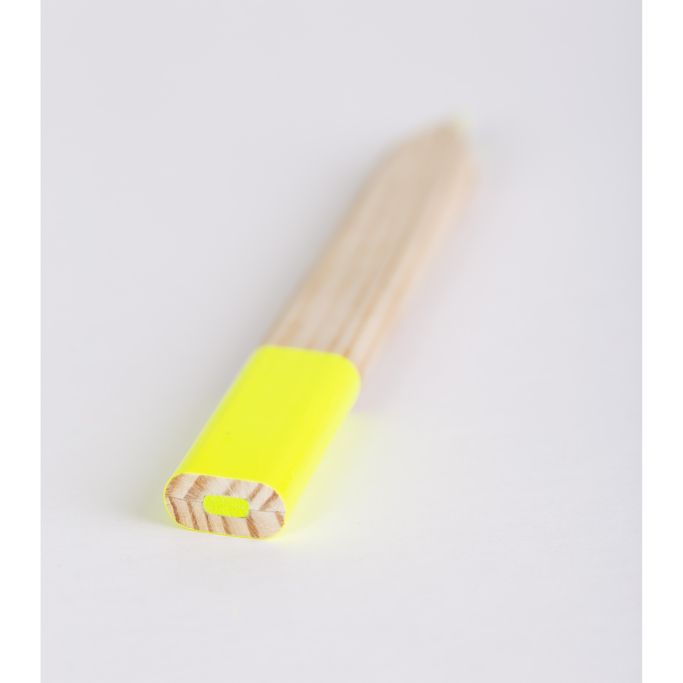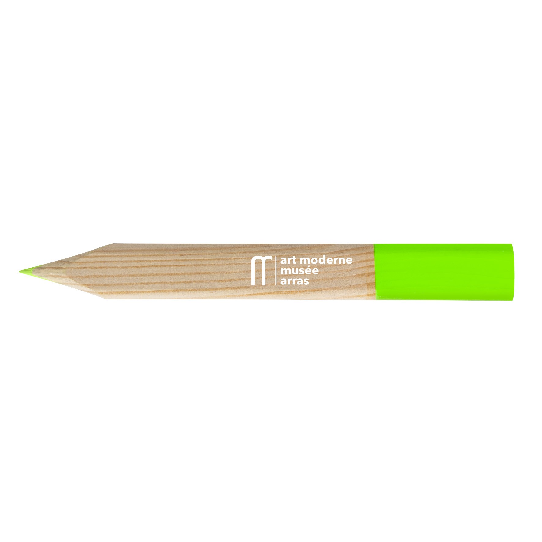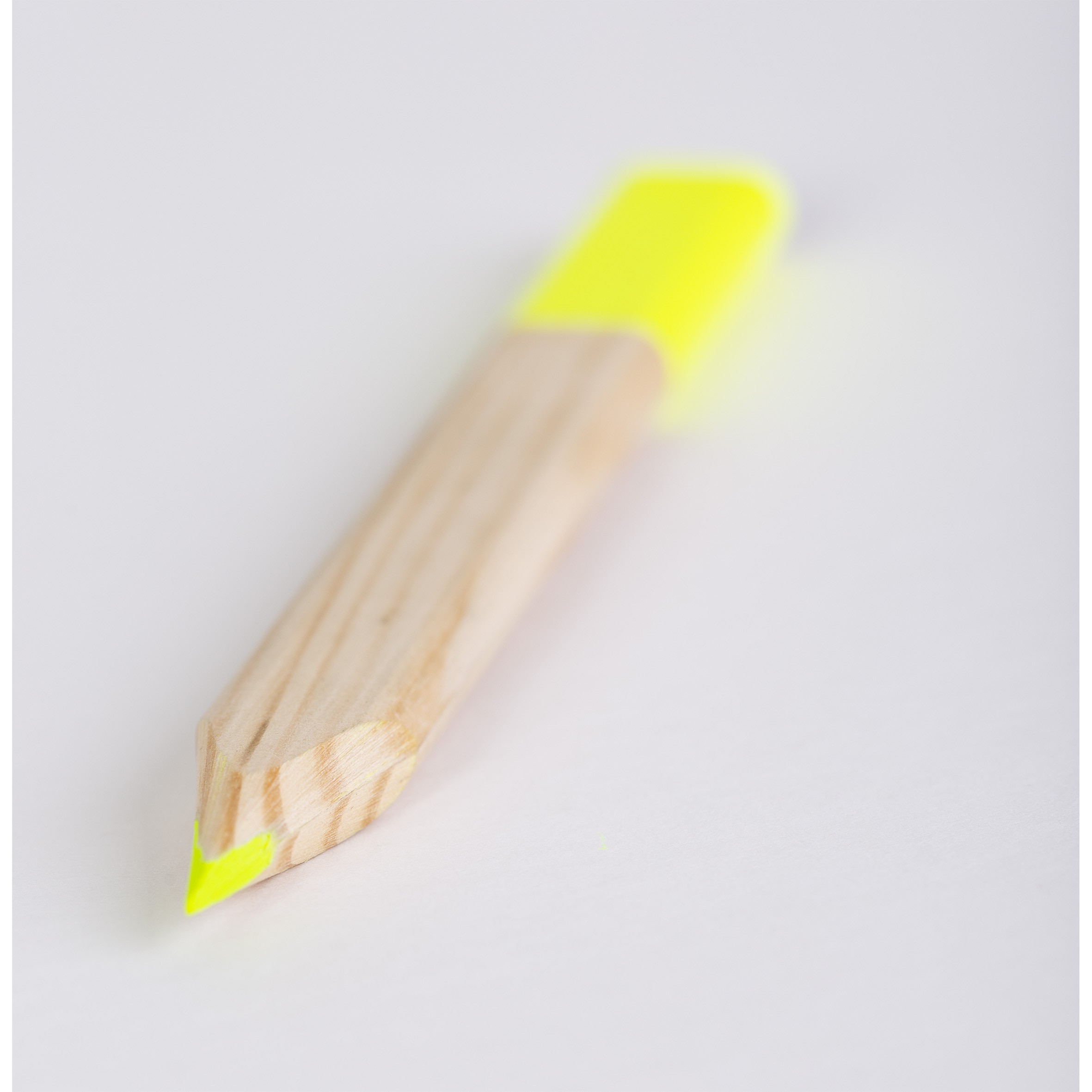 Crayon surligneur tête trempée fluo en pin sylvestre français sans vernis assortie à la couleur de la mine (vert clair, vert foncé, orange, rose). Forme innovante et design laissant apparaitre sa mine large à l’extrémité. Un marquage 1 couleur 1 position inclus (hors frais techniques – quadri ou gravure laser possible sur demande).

########################################

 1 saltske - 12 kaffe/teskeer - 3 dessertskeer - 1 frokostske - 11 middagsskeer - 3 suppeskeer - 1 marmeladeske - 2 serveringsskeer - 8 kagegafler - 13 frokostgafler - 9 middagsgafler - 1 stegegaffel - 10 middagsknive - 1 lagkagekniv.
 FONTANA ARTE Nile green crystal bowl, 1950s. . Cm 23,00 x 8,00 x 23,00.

########################################

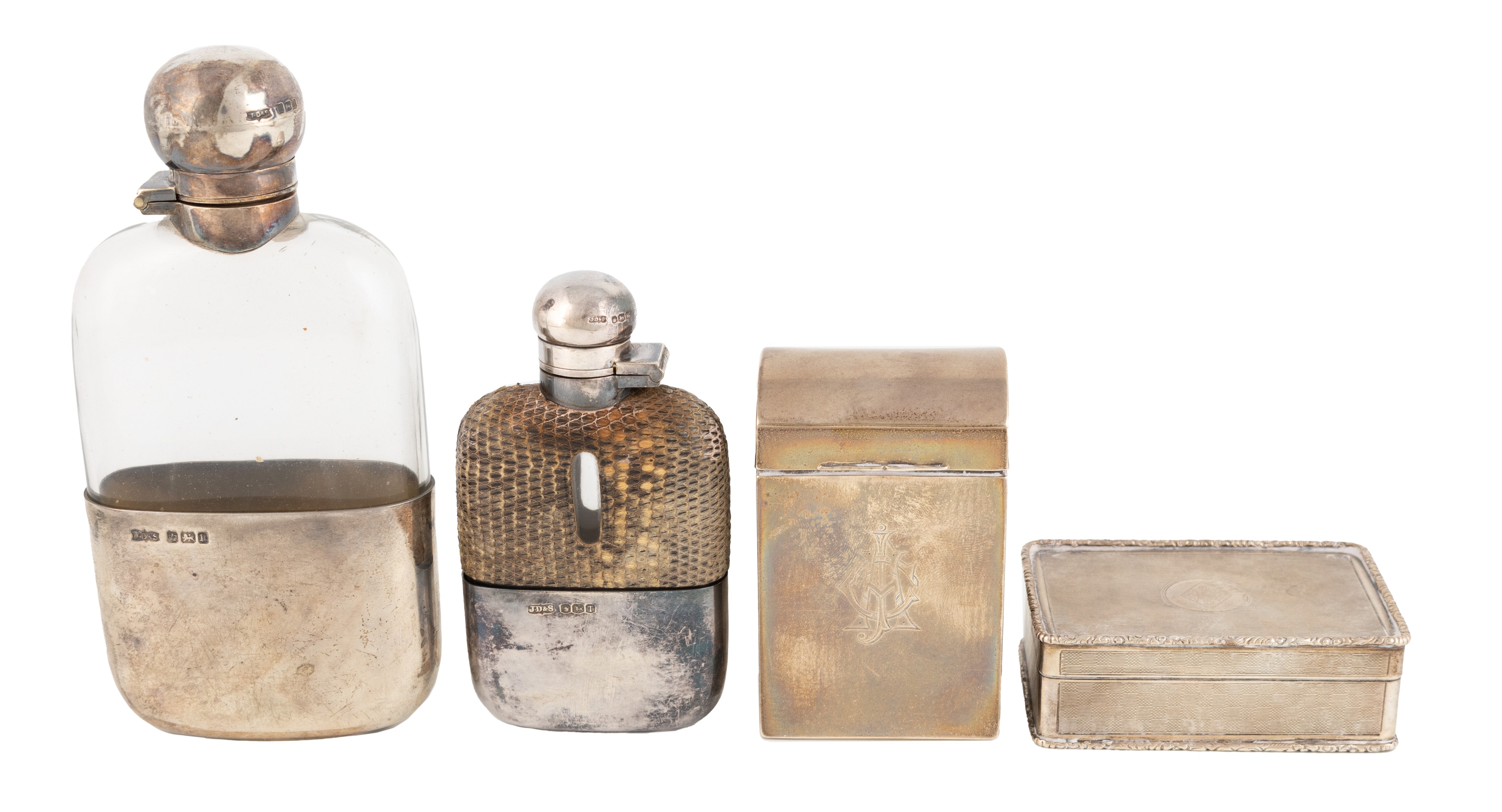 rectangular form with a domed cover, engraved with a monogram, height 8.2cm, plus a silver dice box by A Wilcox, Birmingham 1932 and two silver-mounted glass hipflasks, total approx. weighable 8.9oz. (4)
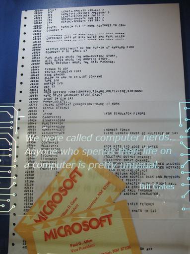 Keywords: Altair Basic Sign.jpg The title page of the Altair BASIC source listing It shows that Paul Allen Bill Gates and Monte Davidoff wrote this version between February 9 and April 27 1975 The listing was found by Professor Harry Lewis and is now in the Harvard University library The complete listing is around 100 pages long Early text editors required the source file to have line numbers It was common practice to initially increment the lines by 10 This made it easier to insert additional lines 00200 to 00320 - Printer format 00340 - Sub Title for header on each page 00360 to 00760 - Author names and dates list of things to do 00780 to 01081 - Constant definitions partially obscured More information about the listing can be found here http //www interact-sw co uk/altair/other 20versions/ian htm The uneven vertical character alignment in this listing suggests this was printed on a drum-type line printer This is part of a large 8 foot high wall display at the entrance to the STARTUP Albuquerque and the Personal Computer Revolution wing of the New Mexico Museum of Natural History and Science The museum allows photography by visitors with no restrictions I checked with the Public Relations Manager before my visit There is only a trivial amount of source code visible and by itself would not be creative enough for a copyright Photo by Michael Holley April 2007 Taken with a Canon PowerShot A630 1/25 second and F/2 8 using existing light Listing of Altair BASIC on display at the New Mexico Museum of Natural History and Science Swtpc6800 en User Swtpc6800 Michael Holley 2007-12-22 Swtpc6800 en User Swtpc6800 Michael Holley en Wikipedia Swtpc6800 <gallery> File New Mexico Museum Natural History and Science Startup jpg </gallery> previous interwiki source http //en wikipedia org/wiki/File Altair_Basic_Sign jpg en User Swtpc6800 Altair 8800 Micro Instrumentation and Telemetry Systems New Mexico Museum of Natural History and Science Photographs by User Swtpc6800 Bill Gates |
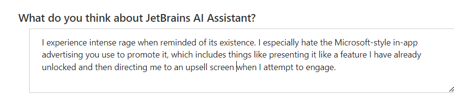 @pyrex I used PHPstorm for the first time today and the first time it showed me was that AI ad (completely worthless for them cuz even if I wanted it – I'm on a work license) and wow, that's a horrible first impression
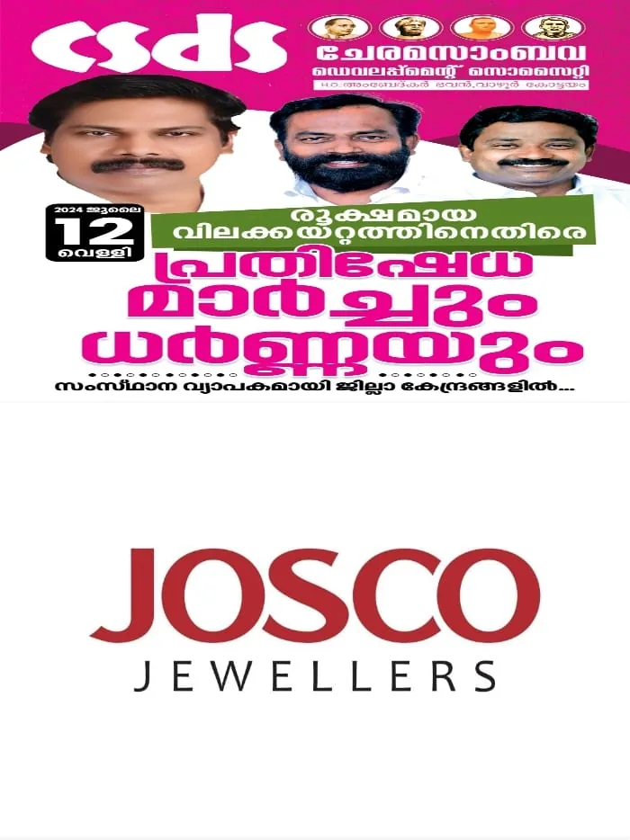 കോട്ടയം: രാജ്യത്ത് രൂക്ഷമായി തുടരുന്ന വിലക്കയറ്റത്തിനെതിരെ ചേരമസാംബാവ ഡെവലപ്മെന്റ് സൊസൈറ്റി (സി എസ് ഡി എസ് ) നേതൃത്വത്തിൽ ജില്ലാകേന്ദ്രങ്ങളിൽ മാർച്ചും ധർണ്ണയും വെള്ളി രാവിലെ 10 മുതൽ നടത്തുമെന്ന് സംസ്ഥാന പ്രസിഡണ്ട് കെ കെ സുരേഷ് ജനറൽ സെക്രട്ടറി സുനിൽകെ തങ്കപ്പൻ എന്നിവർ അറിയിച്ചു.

########################################

In the material above, locate the line containing "1 saltske - 12" and the line containing "FONTANA ARTE Nile". Transcribe exactly those two lines and every line between them, and nothing more.

 1 saltske - 12 kaffe/teskeer - 3 dessertskeer - 1 frokostske - 11 middagsskeer - 3 suppeskeer - 1 marmeladeske - 2 serveringsskeer - 8 kagegafler - 13 frokostgafler - 9 middagsgafler - 1 stegegaffel - 10 middagsknive - 1 lagkagekniv.
 FONTANA ARTE Nile green crystal bowl, 1950s. . Cm 23,00 x 8,00 x 23,00.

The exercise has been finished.